Stored data:
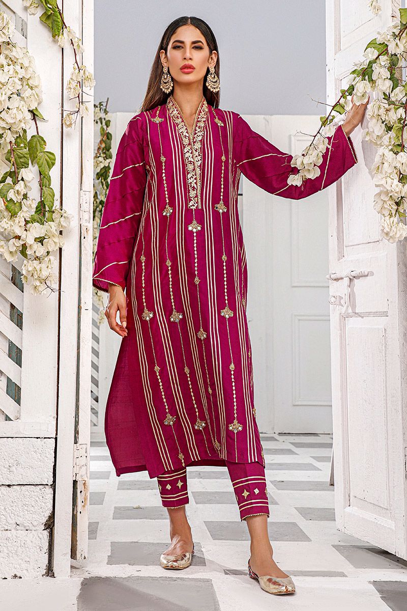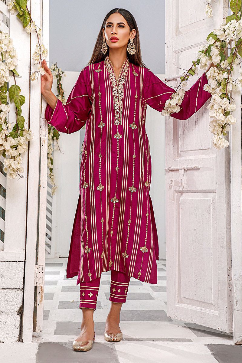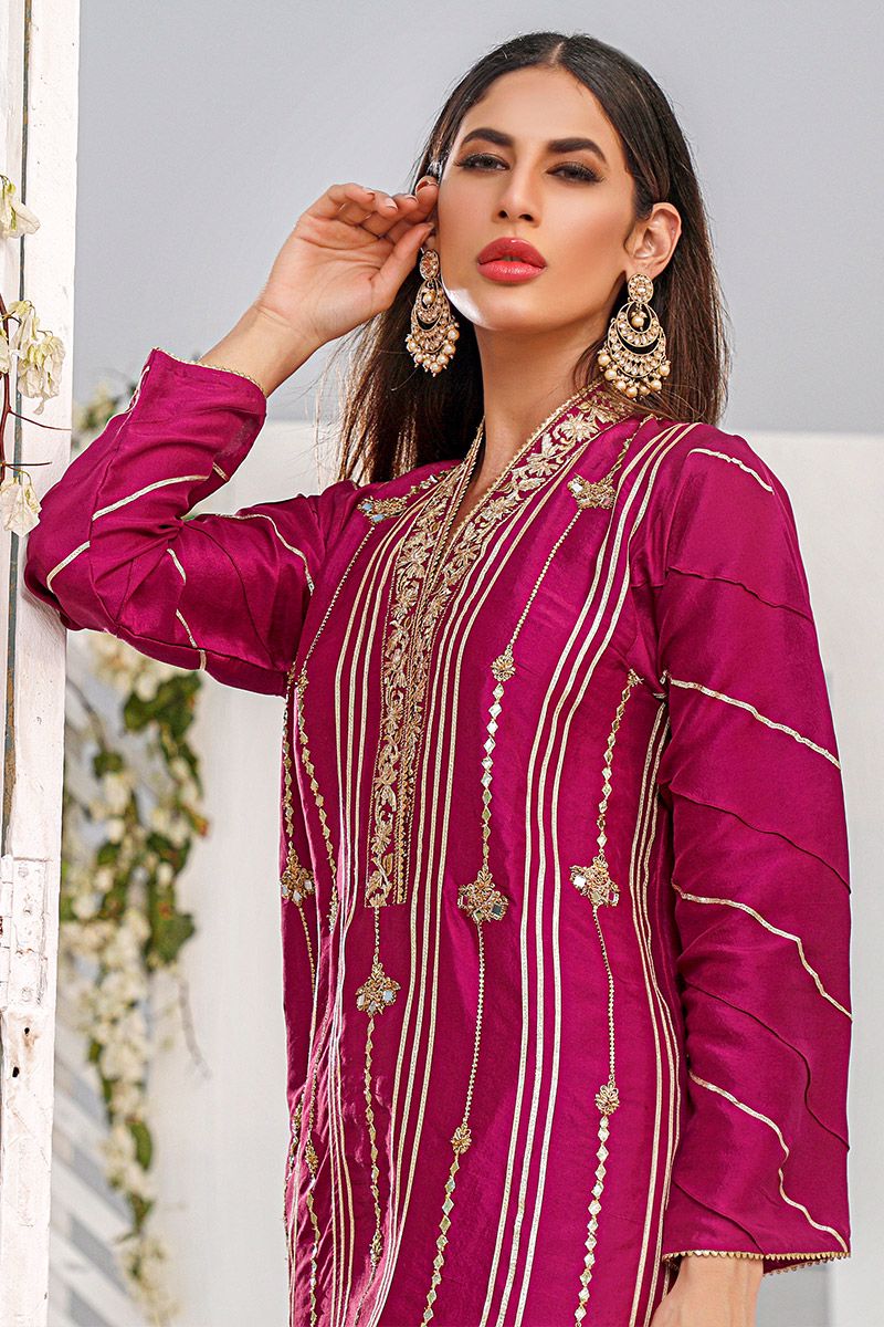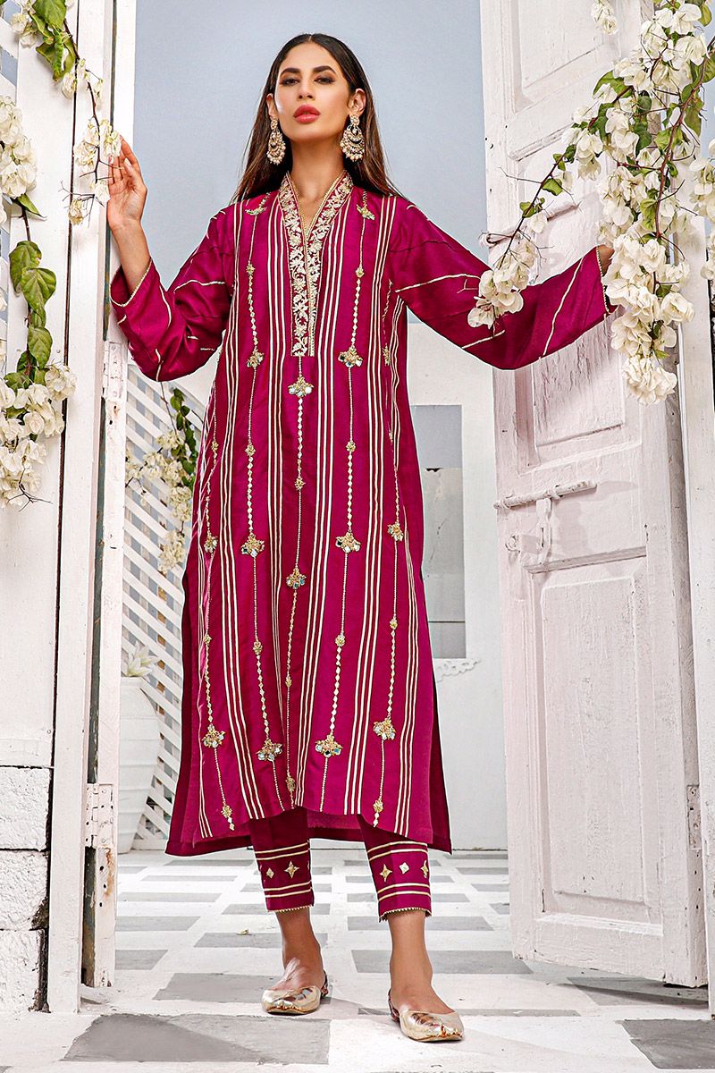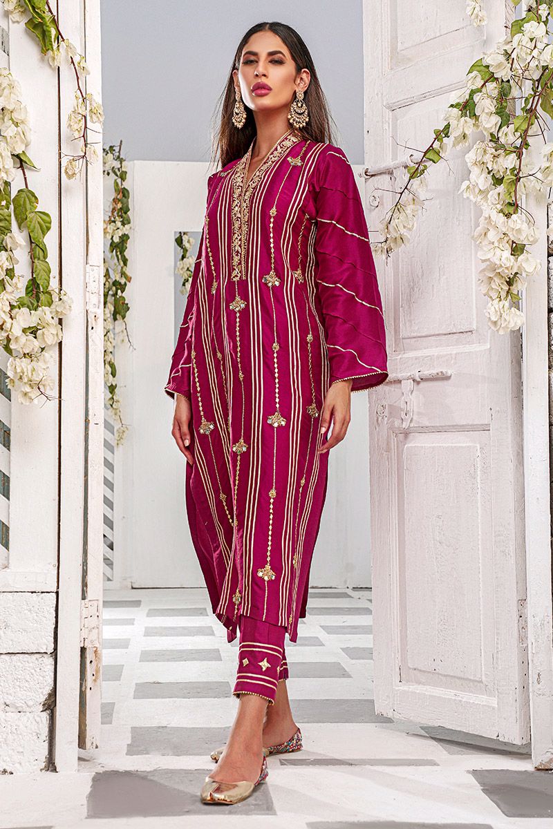 Reviving the ancestral customs, rose red pure raw silk lengthy kurta is assembled with intricate needlework comprising of gota, zardozi, mirror and sequin. The blossoming florals portrays a bold statement complementing with the fauna representation on the sleeves. Same color pure raw silk embellished pants is paired to finish off the look and can be purchased at additional cost
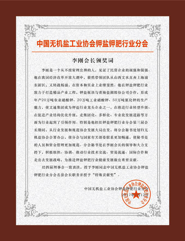 2017年7月12日至14日,中國無機(jī)鹽工業(yè)協(xié)會(huì)鉀鹽鉀肥行業(yè)分會(huì)第四次會(huì)員大會(huì)暨2017鉀鹽鉀肥產(chǎn)業(yè)技術(shù)交流大會(huì)山東省青島市青島花園大酒店召開。會(huì)上,為表示對(duì)李剛會(huì)長在推進(jìn)鉀鹽鉀肥行業(yè)健康發(fā)展以及李剛會(huì)長擔(dān)任鉀鹽鉀肥行業(yè)分會(huì)第三屆會(huì)長期間所做出重要貢獻(xiàn)的肯定與褒獎(jiǎng),經(jīng)中國無機(jī)鹽工業(yè)協(xié)會(huì)鉀鹽鉀肥行業(yè)分會(huì)第四屆理事會(huì)一致表決,授予李剛會(huì)長中國無機(jī)鹽工業(yè)協(xié)會(huì)鉀鹽鉀肥行業(yè)分會(huì)名譽(yù)會(huì)長職務(wù)并授予“特殊貢獻(xiàn)獎(jiǎng)”。
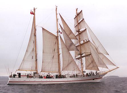 The 2nd ISKRA came into service on 11-08-’82, replacing the original three-masted schooner ISKRA witch had served the Polish Navy from 1927 until 1977, designed by the famous Polish naval architect Zygmant Choren. The 1st of this successful class was the POGORIA and the 2nd to be built was the ORP ISKRA II, mainly differs by her hull shape around the stern whitch has been hydro-dynamically improved. Her deck layout is also different from her sisters POGORIA, KALIAKRA and OCEANIA as they have all been customised to their individual needs.
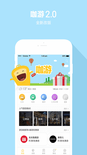 咖游韩国是为来韩旅行的中国游客提供当地旅游消费服务的专业平台。我们提供韩国吃、喝、玩、购全方位的海量优惠券及精选商家信息,并且提供机场接送专车预订、韩语在线翻译、实时汇率、当地人推荐美食及购物攻略、天气预报、旅行移动客服等韩国自由行必备服务,让来韩游客购物旅行更省钱、更便利、更开心。
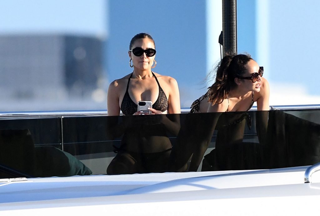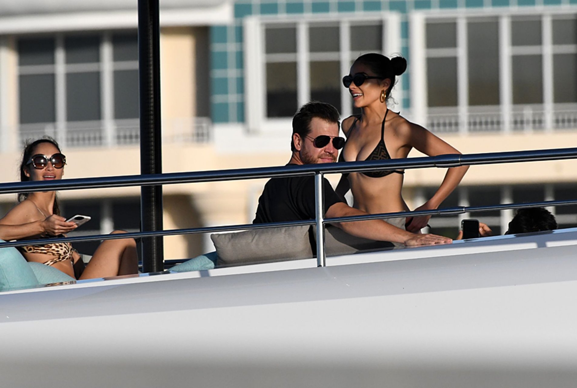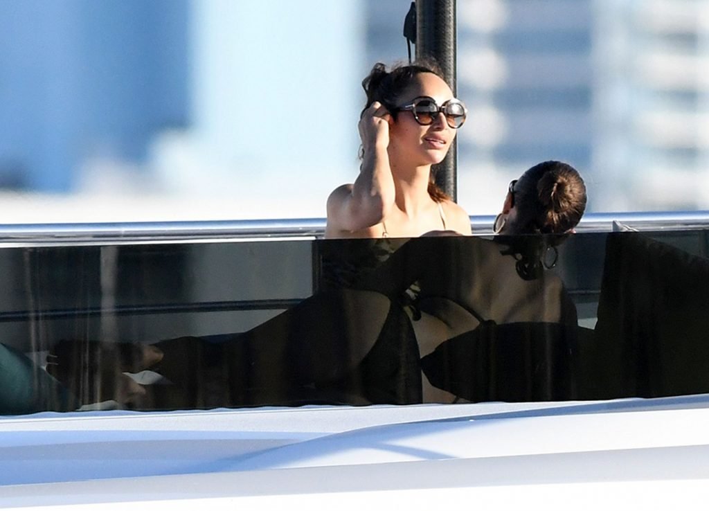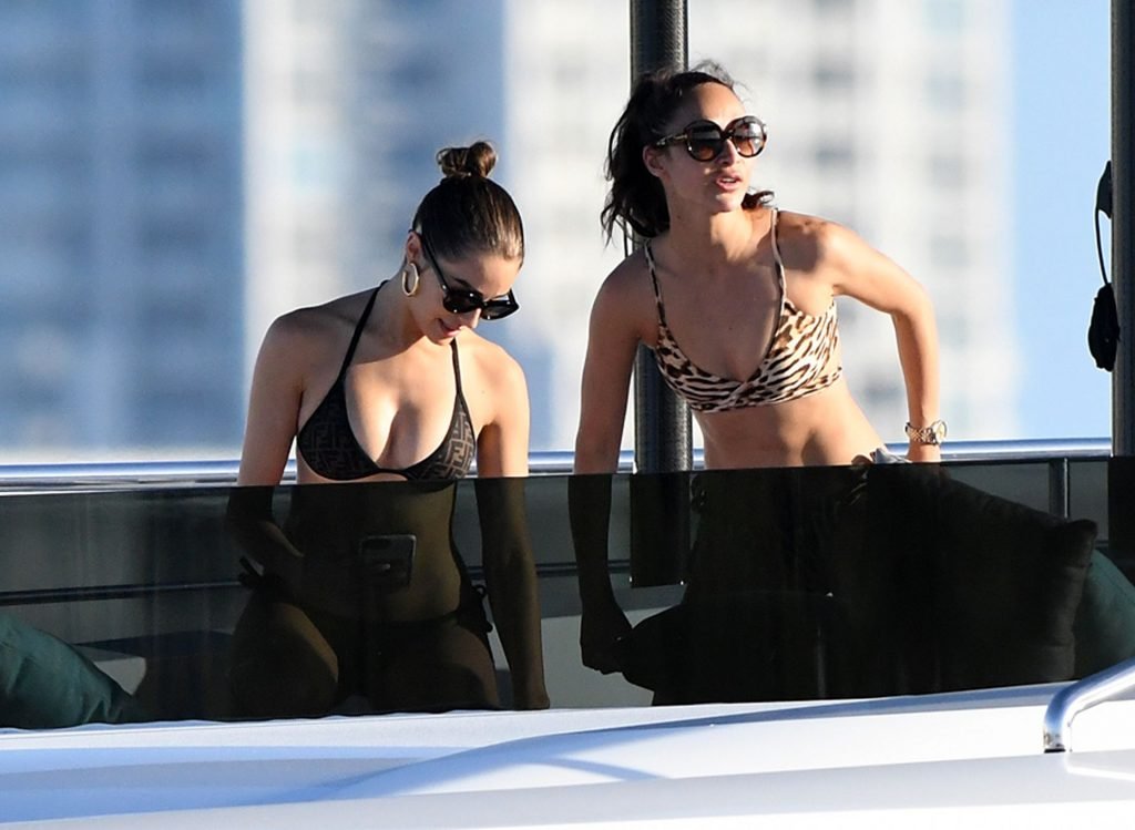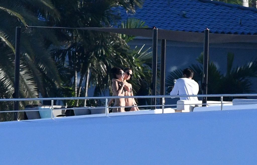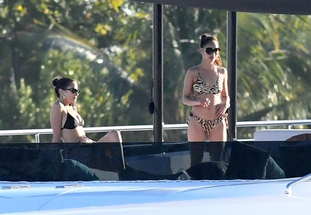 Модель в бикини Оливия Калпо присоединяется к актеру Джесси Меткалфу и его девушке Кара Сантана на мега-яхте Utopia IV в Майами-Бич, 30.12.2018.
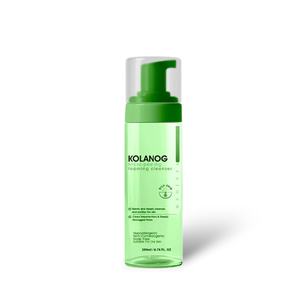 كولانوج فومينج ١٥٠مل للبشرة الدهنية Kolanog MICRO-PEELING FOAMING CLEANSER 150ML “تنظيف عميق وتحكم في الدهون! تركيبة فوم خفيفة بحمض الساليسيليك والزنك تنظف المسام وتقلل اللمعان من غير ما تجفف بشرتك. لبشرة مات، نضيفة، وجاهزة طول اليوم!”
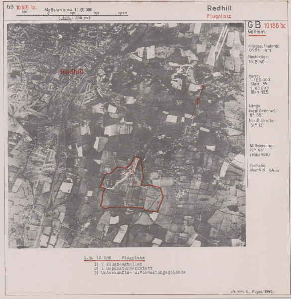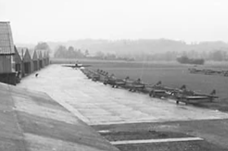 When war finally broke out in September 1939 the Squadrons aircraft were ferried out but returned to resume training at Redhill between 11th September and 6th November 1939. Towards the end of May 1940, the skies over southern England began to darken as aerial activity grew at a steady rate. After the Dunkirk evacuation of the B.E.F. from France and with the threat of a German attack on the airfield the Flying Training School moved to northern England in June 1940. With the withdrawal of the Flying Training School the airfield became an operational RAF station. During the Second World War, Redhill became a fighter base, with Spitfires and Hurricanes stationed at the airfield. It was home to Canadian and Polish squadrons and acted as an advance airfield for the attack on Dieppe in August 1942. First to move in on the 3rd June 1940 were No. 16 (Army Co-operation) Squadron operating the Westland Lysander. The Lysanders did not stay long, and RAF Redhill had many short-term deployments, mainly of fighter squadrons. Redhill remained inactive for much of the Battle of Britain until the arrival of No. 600 Squadron with its Blenheim IVFs and the new radar equipped Beaufighter 600 Sqn. A perimeter track was constructed round the airfield (which remained grass-surfaced) and from this led taxi-tracks to eight Blister hangers and a dozen or so dispersal pens.

Task details:
Leaving out the pictures, restate each line of the listing above verbatim, from the opening line to the line bearing "Модель в бикини", inclusive, and no more.

Answer box:
 Reviving the ancestral customs, rose red pure raw silk lengthy kurta is assembled with intricate needlework comprising of gota, zardozi, mirror and sequin. The blossoming florals portrays a bold statement complementing with the fauna representation on the sleeves. Same color pure raw silk embellished pants is paired to finish off the look and can be purchased at additional cost
 2017年7月12日至14日,中國無機(jī)鹽工業(yè)協(xié)會(huì)鉀鹽鉀肥行業(yè)分會(huì)第四次會(huì)員大會(huì)暨2017鉀鹽鉀肥產(chǎn)業(yè)技術(shù)交流大會(huì)山東省青島市青島花園大酒店召開。會(huì)上,為表示對(duì)李剛會(huì)長在推進(jìn)鉀鹽鉀肥行業(yè)健康發(fā)展以及李剛會(huì)長擔(dān)任鉀鹽鉀肥行業(yè)分會(huì)第三屆會(huì)長期間所做出重要貢獻(xiàn)的肯定與褒獎(jiǎng),經(jīng)中國無機(jī)鹽工業(yè)協(xié)會(huì)鉀鹽鉀肥行業(yè)分會(huì)第四屆理事會(huì)一致表決,授予李剛會(huì)長中國無機(jī)鹽工業(yè)協(xié)會(huì)鉀鹽鉀肥行業(yè)分會(huì)名譽(yù)會(huì)長職務(wù)并授予“特殊貢獻(xiàn)獎(jiǎng)”。
 The 2nd ISKRA came into service on 11-08-’82, replacing the original three-masted schooner ISKRA witch had served the Polish Navy from 1927 until 1977, designed by the famous Polish naval architect Zygmant Choren. The 1st of this successful class was the POGORIA and the 2nd to be built was the ORP ISKRA II, mainly differs by her hull shape around the stern whitch has been hydro-dynamically improved. Her deck layout is also different from her sisters POGORIA, KALIAKRA and OCEANIA as they have all been customised to their individual needs.
 咖游韩国是为来韩旅行的中国游客提供当地旅游消费服务的专业平台。我们提供韩国吃、喝、玩、购全方位的海量优惠券及精选商家信息,并且提供机场接送专车预订、韩语在线翻译、实时汇率、当地人推荐美食及购物攻略、天气预报、旅行移动客服等韩国自由行必备服务,让来韩游客购物旅行更省钱、更便利、更开心。
 Модель в бикини Оливия Калпо присоединяется к актеру Джесси Меткалфу и его девушке Кара Сантана на мега-яхте Utopia IV в Майами-Бич, 30.12.2018.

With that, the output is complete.